Human Resource Machine
Warning: this game contains math and hard thinking. Wait, come back, it’s really good!
$4.99 Developer Tomorrow Corporation, tomorrowcorporation.com Platform Universal Requirements iOS 8 or later
Some people love logic puzzles. They love the way they can feel their brain working, the cogs grinding and crunching until the answer pops out at the end. They love to look at the result and see the workings they made to get to that point, and it makes them feel smug and self-satisfied and smart. This reviewer is one of those people.
Human Resource Machine is the latest game from the mad scientists at Tomorrow Corporation. The studio, founded in 2010, specializes in experiences that range from the depressingly nihilistic dystopia in Little Inferno – a game about setting fire to all of your possessions – to this one, which is… well, also a depressingly nihilistic dystopia.

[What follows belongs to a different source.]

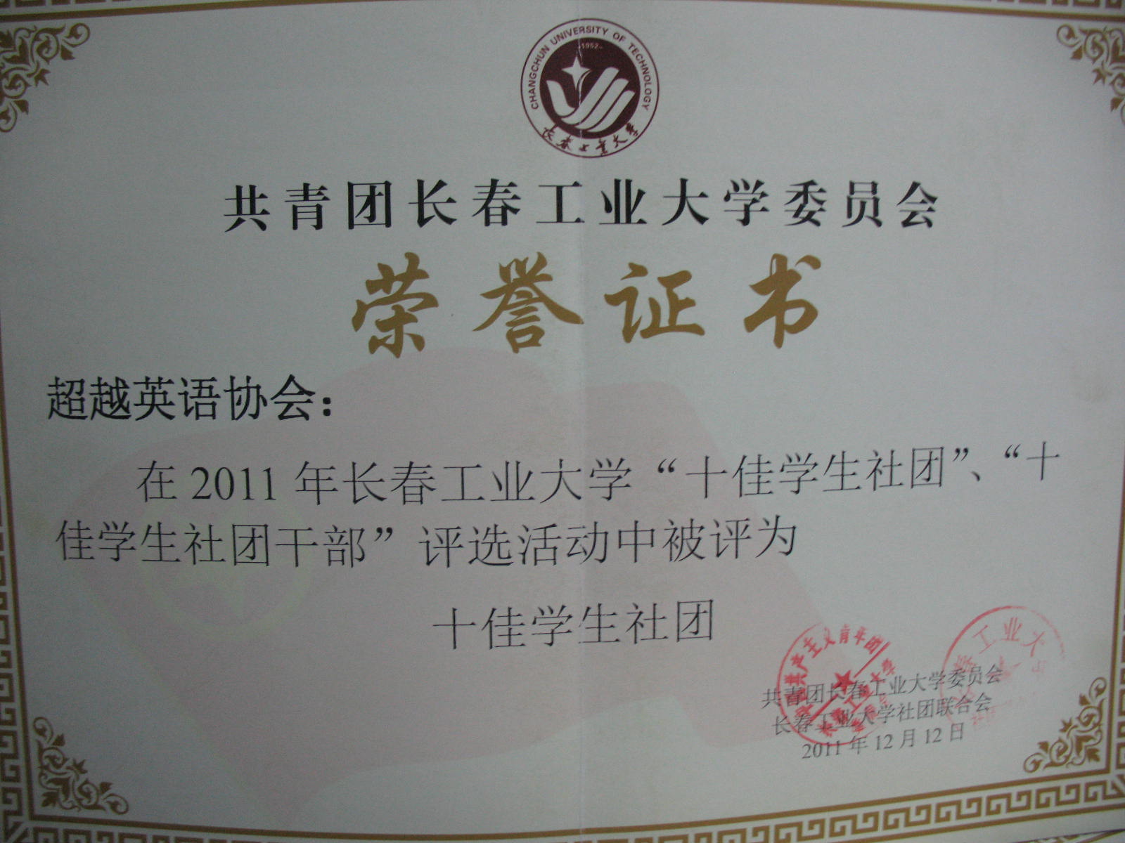 2011年12月12日超越英语协会在2011年长春工业大学“十佳学生社团”、“十佳学生社团干部”评选中获得“十佳学生社团”称号

But this time it’s in an office – which pretty much embodies that description.
It’s a logic game, but a logic game in the purest sense of the word, as it asks you to perform mundane tasks - take numbered box from Inbox, put it in Outbox - with different iterations and objectives each time, according to what is essentially simplified computer programming. One, for example, asks that you only put zeroes in the outbox. Another wants you to put the largest of every two numbers in the outbox, and discard the others.
The way you do this is with commands - just like computer code, you see - that start off as simple as “go to inbox” and “go to outbox” and gradually get more complicated, such as “jump if negative to…” and addition and subtraction commands. Pure logic.
But it can take a fairly specific type of person to enjoy this kind of logic. Someone with no knowledge of programming but a good grasp of math might love it, but someone with neither of those things might be curled up in a ball weeping by level five. Or maybe you’ll love it anyway – it’s just logic, after all!
Human Resource Machine is weirdly fun, fascinating, and so satisfying when it clicks, if a little confusingly worded for the average player with no programming experience at all. Rewards such as extra marks for elegant (short and smart) coding add a little frisson of competition for more experienced players, but for those that enjoy the ride, not the speed, there’s still an interesting plot to follow behind the whole game.
the bottom line. Brainhurtingly taxing at times, incredibly rewarding when the logic finally clicks - but steer well clear if you hate math.